Extracted data entries
----------------------------------------

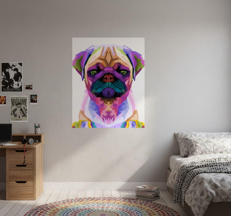 En Poster vardagsrum pop art mops är inte bara en dekoration, utan en möjlighet att uttrycka din personlighet! Den här affischen förvandlar ditt hem till en inspirerande plats och sprider en känsla av glädje. Dess unika design gör att den passar in i många olika inredningsstilar, från modern till retro. Låt denna poster bli en samtalsstartare och en källa till inspiration för både dig och dina gäster!
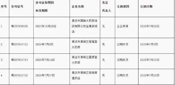 2020年7月31日,廣東省藥監局發(fā)布公告稱(chēng),已依法注銷(xiāo)清遠市清城區恒福堂大藥房等5家企業(yè)《藥品經(jīng)營(yíng)許可證》。
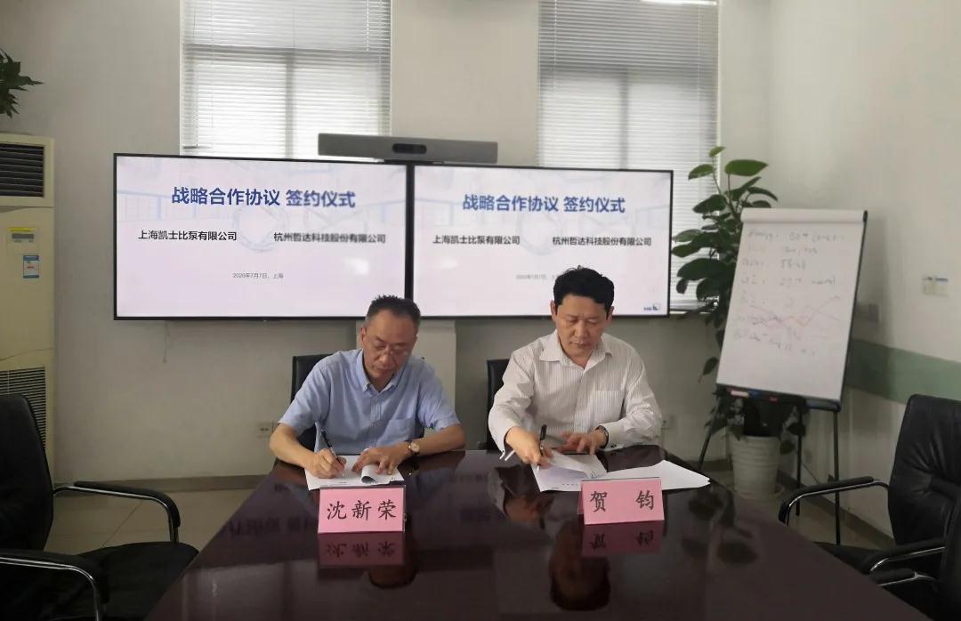 近日,杭州PA捕鱼官方网站科技股份有限公司与上海凯士比泵有限公司正式达成战略合作。双方将本着资源共享、诚实守信、合作共赢、共同发展的原则,充分发挥各自优势,通过工业互联网与绿色智能制造的方式建立深度合作,共同推动高端泵制造与服务的数字化。
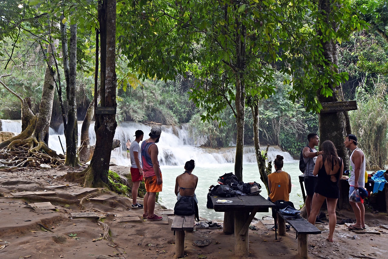 오늘의 마지막 하이라이트라고 해도 과언이 아닌 꽝시폭포에 도착을 하고, 다들 개인적으로 얕은 언덕을 오르기 시작한다. 조그맣게 들리는 물소리에 귀를 기울이면서 오르다 보니 점점 물줄기가 커져 간다.
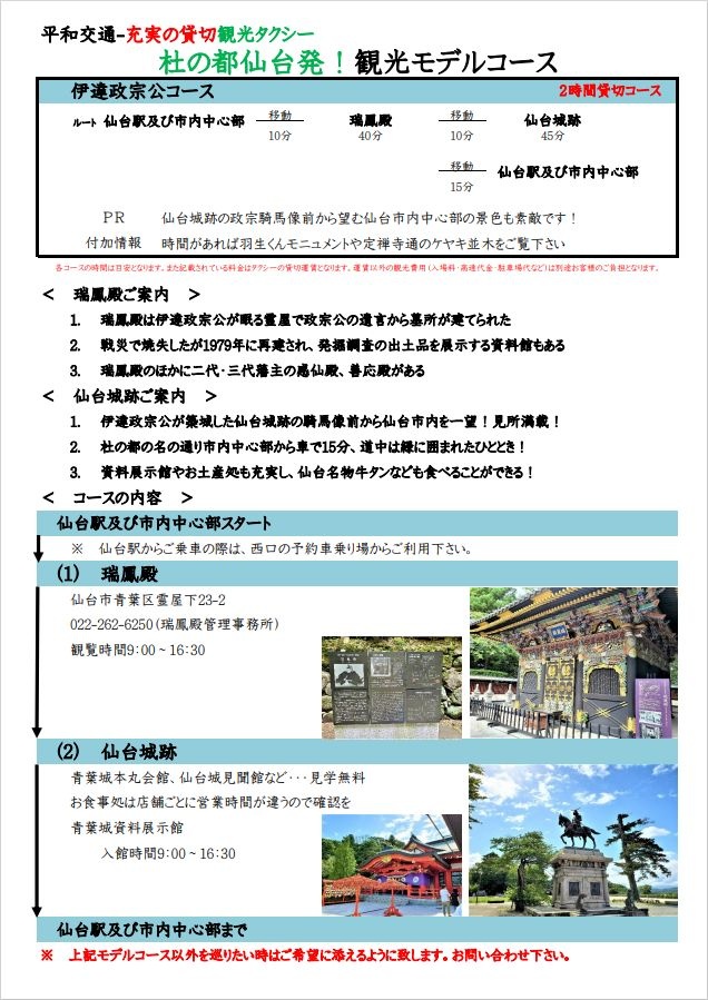 北海道交运事业协同组合的和平交通 - 从树木之城仙台出发!观光示范课程页面每门课程的信息 伊达政宗课程(2小时私人课程)伊达政宗套餐 <所需时间>约2小时<旅游行程>从仙台站和仙台市中心出发↓瑞凤殿↓仙台城迹↓到仙台站和仙台市中心<价格>普通车12,800日元 预订和信用卡支付巨型 ¥19,520 返回列表分享
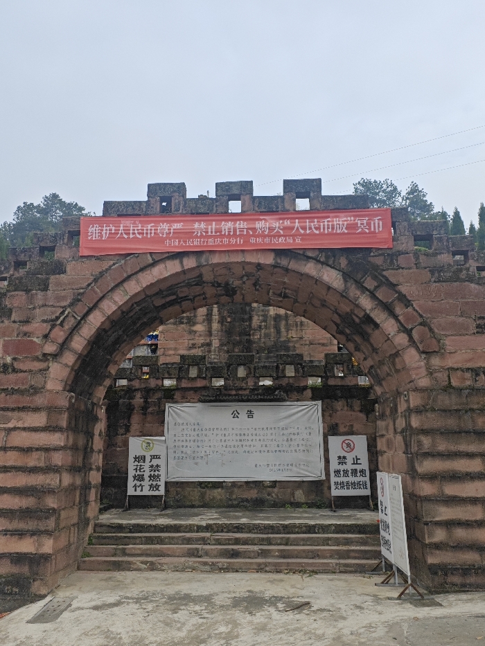 An external view depicts a large, weathered reddish-brown stone archway, possibly part of a historical city gate or wall, located in Bishan, China, under an overcast sky. The archway features a double-layered design and is topped by a crenellated parapet. A red banner spans the wall above the arch, displaying Chinese characters that translate to "Maintain the dignity of RMB. Prohibit the sale and purchase of 'RMB-version' ghost money," with "People's Bank of China Chongqing Branch, Chongqing Civil Affairs Bureau" indicated below. At the base of the wall, within the arch opening, a large white banner titled "公告" (Notice) presents detailed Chinese text. To its left, a smaller white sign states "严禁烟花爆竹燃放" (Strictly prohibit fireworks and firecrackers). To the right, another white sign with a "no smoking" symbol declares "禁止燃放鞭炮 焚烧香烛纸钱" (Prohibit setting off firecrackers, burning incense and ghost money). A partially obscured white A-frame sign stands further right. Stone steps lead up through the archway. A single individual in a blue top is partially visible through the archway, appearing to be descending stairs on the opposite side. The ground in the foreground is paved. Trees are visible above and beyond the stone structure, with faint power lines crossing the light gray sky.
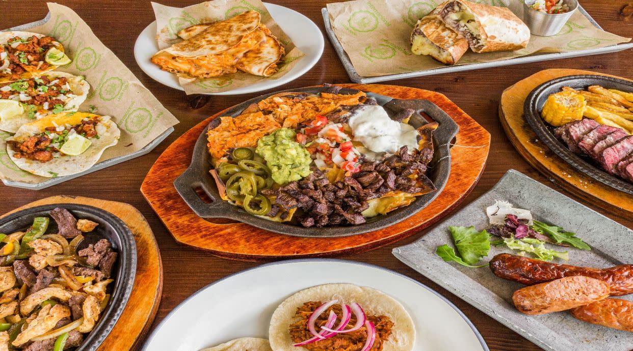 De maíz mexicano, frijoles, guacamole, crema, queso, jalapeños y pico de gallo.
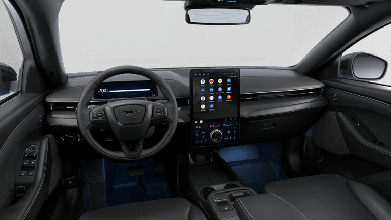 Blue 2026 Ford Mustang Mach-E Select AWD Single-Speed Automatic Dual Electric Motor 4-Wheel Disc Brakes, 6 Speakers, ABS brakes, ActiveX Bucket Seats, Air Conditioning, Alloy wheels, AM/FM radio: SiriusXM with 360L, AM/FM Stereo, Apple CarPlay/Android Auto, Auto High-beam Headlights, Auto-dimming Rear-View mirror, Automatic temperature control, Brake assist, Bumpers: body-color, Compass, Delay-off headlights, Driver door bin, Driver vanity mirror, Dual front impact airbags, Dual front side impact airbags, Electronic Stability Control, Emergency communication system: 911 Assist, Exterior Parking Camera Rear, Four wheel independent suspension, Front anti-roll bar, Front Bucket Seats, Front Center Armrest, Front dual zone A/C, Front reading lights, Fully automatic headlights, Heated door mirrors, Illuminated entry, Knee airbag, Low tire pressure warning, Navigation system: Connected Navigation, Occupant sensing airbag, Outside temperature display, Overhead airbag, Overhead console, Panic alarm, Passenger door bin, Passenger vanity mirror, Power door mirrors, Power driver seat, Power steering, Power windows, Radio data system, Rain sensing wipers, Rear anti-roll bar, Rear seat center armrest, Rear side impact airbag, Rear window defroster, Rear window wiper, Remote keyless entry, Security system, SiriusXM with 360L, Speed control, Speed-sensing steering, Speed-Sensitive Wipers, Split folding rear seat, Spoiler, Steering wheel mounted audio controls, SYNC 4A with Enhanced Voice Recognition, Telescoping steering wheel, Tilt steering wheel, Traction control, Trip computer, Turn signal indicator mirrors, Variably intermittent wipers, Wheels: 19 Machined-Face Aluminum.
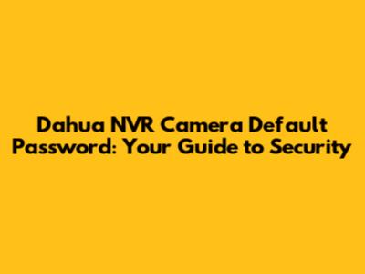 Understanding Dahua NVR Default Passwords
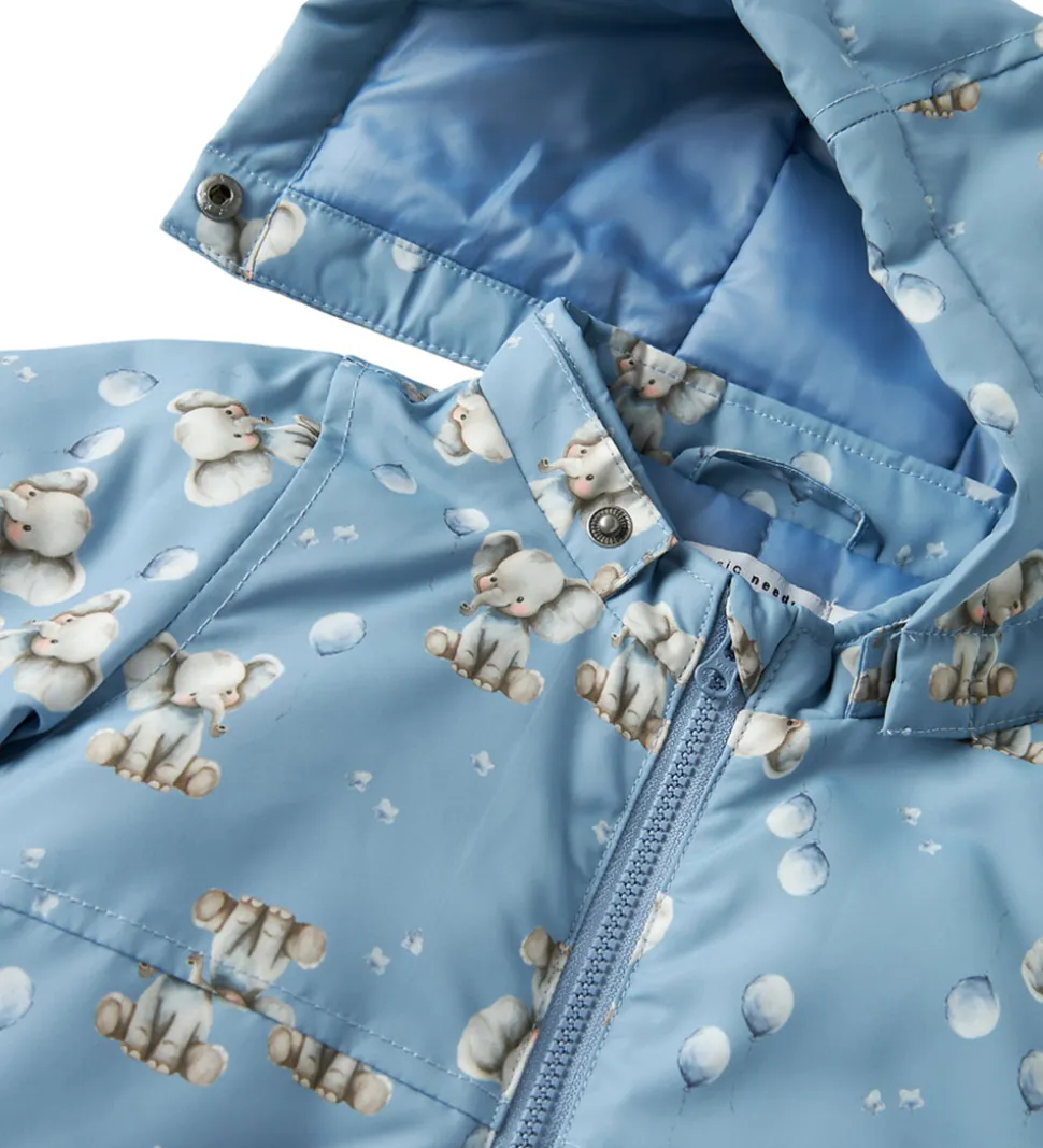Smuk Name It vinterjakke i en lys, blå farve med et bedårende print af elefanter og små ballonmotiver.
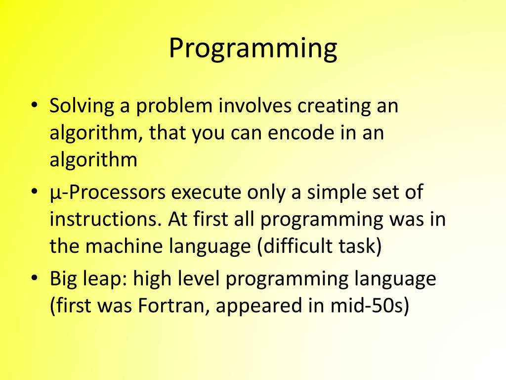 Programming • Solving a problem involves creating an algorithm, that you can encode in an algorithm • µ-Processors execute only a simple set of instructions. At first all programming was in the machine language (difficult task) • Big leap: high level programming language (first was Fortran, appeared in mid-50s)
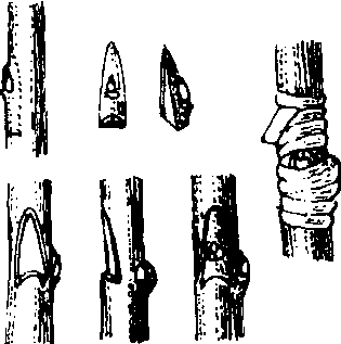 | 释义 | 嵌芽接chip budding一种带木质部的芽接方法。在选定接芽的上方约1 cm处向下削,长约1.5 cm,稍带木质部,再在芽下方0.5~0.8 cm处斜切呈30°夹角达第一刀底部,取下芽片。砧木切口比芽片略长,稍切及木质部,呈倒舌状。插入芽片后,上端须露出一线砧木皮部,然后扎缚。本法在皮部不易剥开时应用。适用于枝条稍有棱角或沟纹的树种,如栗、枣、苹果和柑橘等。
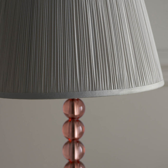 Freya Silver Fabric Shade Table Lamp With Adelie Blush Tinted Glass Base
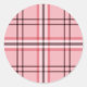 Pegatina Redonda Patrón de moda a cuadros rosa y gris chic fiesta
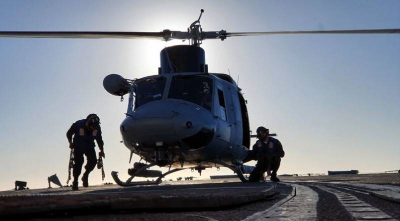Uno de los helicópteros AB-212 de la Tercera Escuadrilla de la Armada en la cubierta de vuelo de un navío.
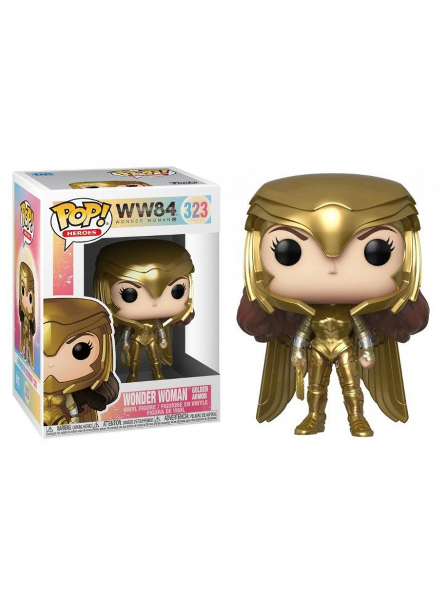 Funko POP! vinylová figurka k filmu Wonder Woman 1984 ztvárňující superhrdinku Wonder Woman odité ve zlaté zbroji a připravené utkat se záporáky Max Lordem a Cheetahem.
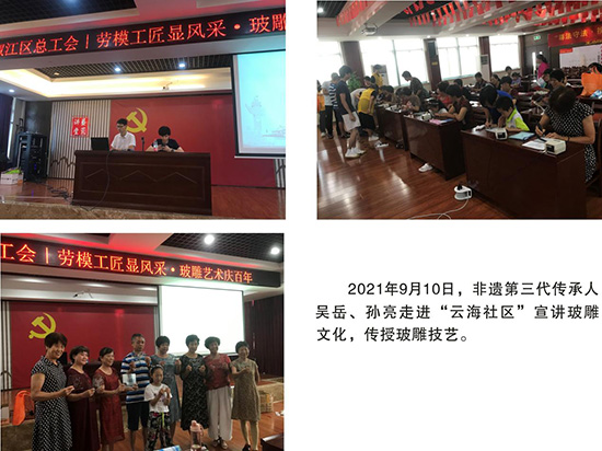 推進“玻雕文化”進企業(yè)活動。為全方位、多層次地傳播玻雕藝術(shù)文化,“玻雕文化”走進了葭沚街道10多個企業(yè),讓企業(yè)職工體驗“玻雕文化”魅力,讓非遺與科技碰撞出不一樣的火花,在傳播繼承非遺的同時,推陳出新,打破傳統(tǒng)壁壘,讓“非遺之花”開得更加艷麗,詮釋大國工匠精神。對全民終身學(xué)習(xí)活動進企業(yè)進行了有益的嘗試,得到了廣大職工普遍歡迎。
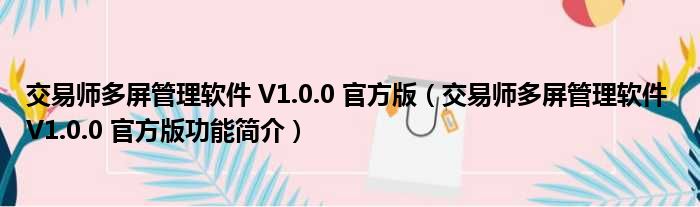 交易师多屏管理软件 V1.0.0 官方版(交易师多屏管理软件 V1.0.0 官方版功能简介)
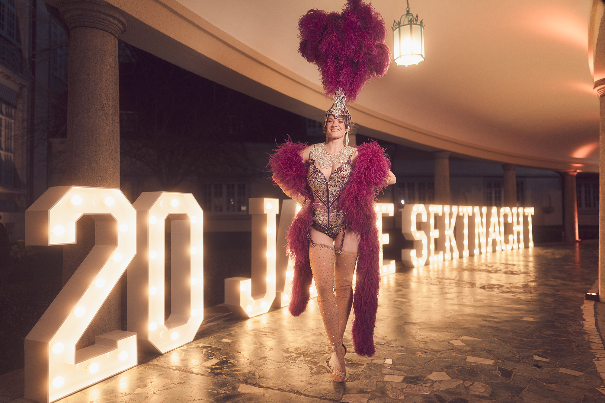 In meinem kunstvoll gestalteten Sektkleid heiße ich Ihre Gäste stilvoll willkommen. Je nach Anlass erscheine ich als funkelndes Showgirl, elegante Gastgeberin oder in einem thematisch abgestimmten Outfit – immer mit glitzernden Details, schillernden Accessoires und einem Hauch Extravaganz.
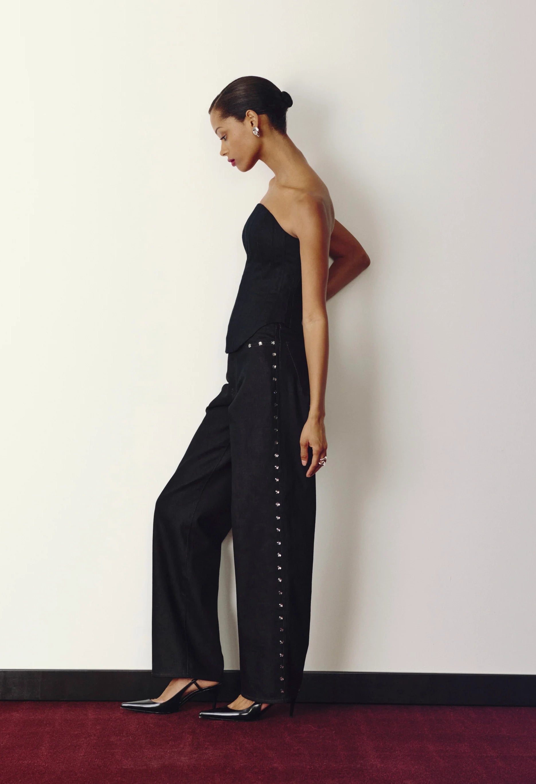 High-rise jeans designed to sculpt and flatter. The Kaylen features SculptSystem technology that cinches your waist and curves through the hip and thigh. Eternity Embellished wash offers rich indigo with warm brown tones and rhinestone side seam details. Black hardware and tonal stitching complete the polished finish.
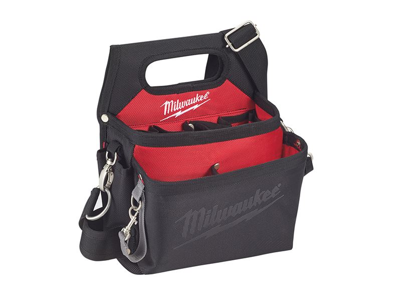 The Milwaukee Electrician's Pouch has a robust construction, made from 1680D ballistic nylon, double stitched with stronger riveted seams. The integrated handle allows easy transport and provides an easy mounting point on common job site materials. The pouch has a solid base that allows it to stand-up, even when fully loaded.
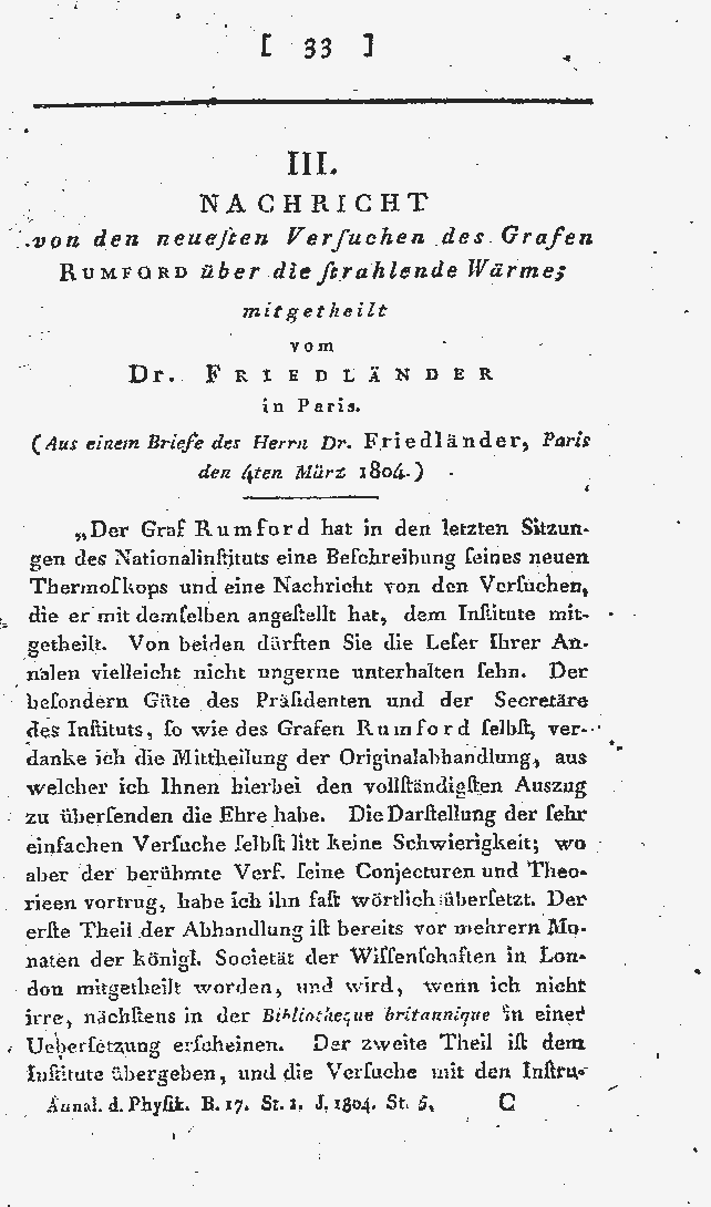 1804 Rumford & Friedländer Nachricht von den neuesten Versuchen des Grafen Rumford über die strahlende Wärme Annalen der Physik 17 33 34 35 36 37 38 39 40 41 42 43
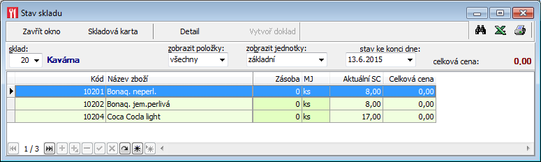 | Detail | Detail stavu skladů zobrazí stav položky v jednotlivých skladech. |
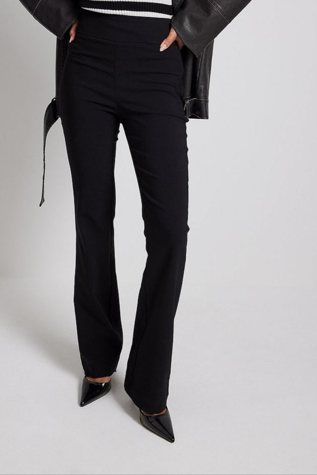 These trousers feature a wide high waist. They have a side zipper and a flared leg. These trousers feature a stretchy material. Inseam length in size 36: 82 cm / 32.28 in. These trousers comes in black.
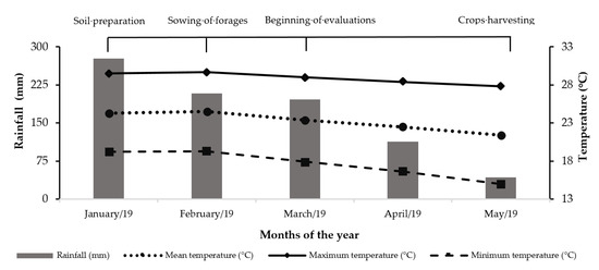 One week before sowing, 1 ton of lime filler was applied by broadcasting and was incorporated into the soil to increase the base saturation to 60%. The forage systems were sown manually on 4 February 2019, with the application of 200 kg ha−1 of P2O5 and 20 kg ha−1 of FTE BR 12 fertilizer (9% Zn, 1.8% B, 0.8% Cu, 2% Mn, 3.5% Fe, and 0.1% Mo), using simple superphosphate and fritted trace elements as sources, respectively.

----------------------------------------

== TASK OBJECTIVE ==
All pictures are to be skipped. Output, word for word, the lines in the data above starting at the line containing "오늘의 마지막 하이라이트라고" and ending at the line containing "北海道交运事业协同组合的和平交通 - 从树木之城仙台出发!观光示范课程页面每门课程的信息".

== SOLUTION BELOW ==
 오늘의 마지막 하이라이트라고 해도 과언이 아닌 꽝시폭포에 도착을 하고, 다들 개인적으로 얕은 언덕을 오르기 시작한다. 조그맣게 들리는 물소리에 귀를 기울이면서 오르다 보니 점점 물줄기가 커져 간다.
 北海道交运事业协同组合的和平交通 - 从树木之城仙台出发!观光示范课程页面每门课程的信息 伊达政宗课程(2小时私人课程)伊达政宗套餐 <所需时间>约2小时<旅游行程>从仙台站和仙台市中心出发↓瑞凤殿↓仙台城迹↓到仙台站和仙台市中心<价格>普通车12,800日元 预订和信用卡支付巨型 ¥19,520 返回列表分享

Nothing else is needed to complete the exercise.